Humans must become simultaneously better and more evil because what is most evil is necessary for the Overhuman’s highest flourishing.

By Friedrich Nietzsche, from Thus Spoke Zarathustra

Key Arguments

  • He issues a paradoxical imperative to become 'better and more evil', indicating that moral elevation requires intensifying the very drives labeled evil.
  • He asserts a teleological justification: 'What is most evil is necessary for the Overhuman’s best,' tying intensified 'evil' to the goal of the Overhuman.
  • This reframes 'evil' as a necessary ingredient of creation, rank, and overcoming rather than a defect to be expunged.

Source Quotes

For evil is the human’s best strength. ‘The human being must become better and more evil’– thus teach.
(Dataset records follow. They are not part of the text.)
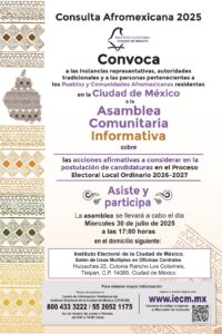 • El IECM convoca a instancias representativas, autoridades tradicionales y a personas pertenecientes a pueblos y comunidades afromexicanas a participar en la Asamblea Comunitaria Informativa el 30 de julio, a las 17:00 horas, en su sede central
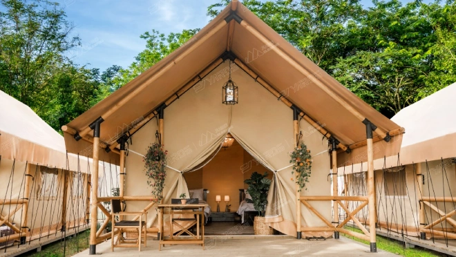 خيمة سفاري كلاسيكية فاخرة – B40 مستوحاة من خيمة الحائط الكلاسيكية. بعد التحسينات والترقيات، تتميز بشرفة أمامية واسعة، وإطار خشبي متين، وسقف من بلاستيك PVC عالي القوة، وجدران جانبية من قماش أكسفورد عالي الجودة، مما يوفر مساحة واسعة ومرنة، ويجعل هذه الخيمة كلاسيكية/قياسية فاخرة. كما أنها تُعد حاليًا من أكثر خيام السفاري مبيعًا لدينا. إنها خيار مثالي لأصحاب منتجعات التخييم الفاخر، والمخططين، والمستثمرين.
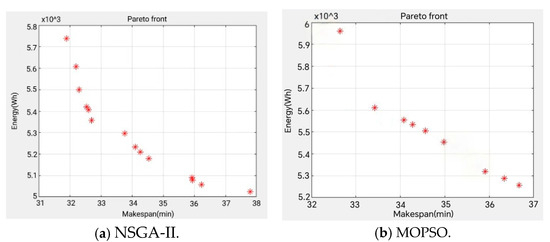 With total workshop energy consumption and makespan as the optimization objectives, the case study is solved using the two aforementioned algorithms, and the distribution of their obtained pareto front solutions is illustrated in Figure 15. The solution results represent the mean of multiple independent runs. A comprehensive comparison of solution performance between the NSGA-II and MOPSO algorithms in this practical application demonstrates that the improved NSGA-II algorithm exhibits superior optimization capability. Specifically, the improved NSGA-II algorithm yields a greater number of pareto front solutions with more uniform distribution, and demonstrates better ability to capture a potential solution set in the optimization space.
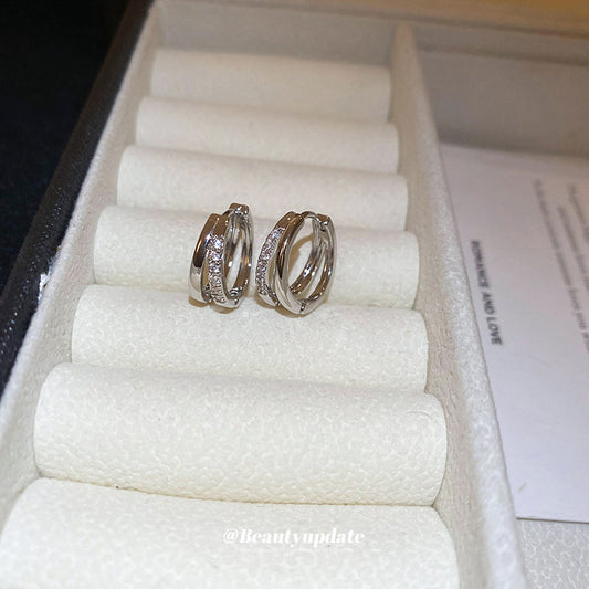 A廠【HE19328】圓形多層鋯石耳環簡約高級感幾何耳環小眾時尚輕奢風新款耳環 24.03-4
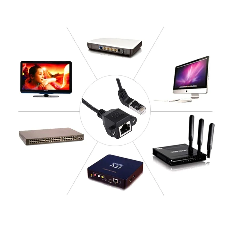 30cm RJ45 Male Bent Upward to RJ45 Female LAN Extension Cable

What is most evil is necessary for the Overhuman’s best.
‘The human being must become better and more evil’– thus teach. What is most evil is necessary for the Overhuman’s best. It may have been good for that preacher of the little people that he suffered and bore man’s sin.

Key Concepts

  • ‘The human being must become better and more evil’– thus
  • What is most evil is necessary for the Overhuman’s best.

Context

Continuing the revaluation, Zarathustra turns the acknowledgment of 'evil' into a normative program oriented toward the Overhuman.

Perspectives

Nietzsche
Agrees: creative-transgressive forces condemned by herd morality are required for cultural and physiological elevation; 'better' here means stronger, more affirmative, more creating.
Zarathustra
Commands his 'own' to cultivate and sublimate the strongest drives, accepting the scandal that true betterment entails becoming 'more evil' by herd standards.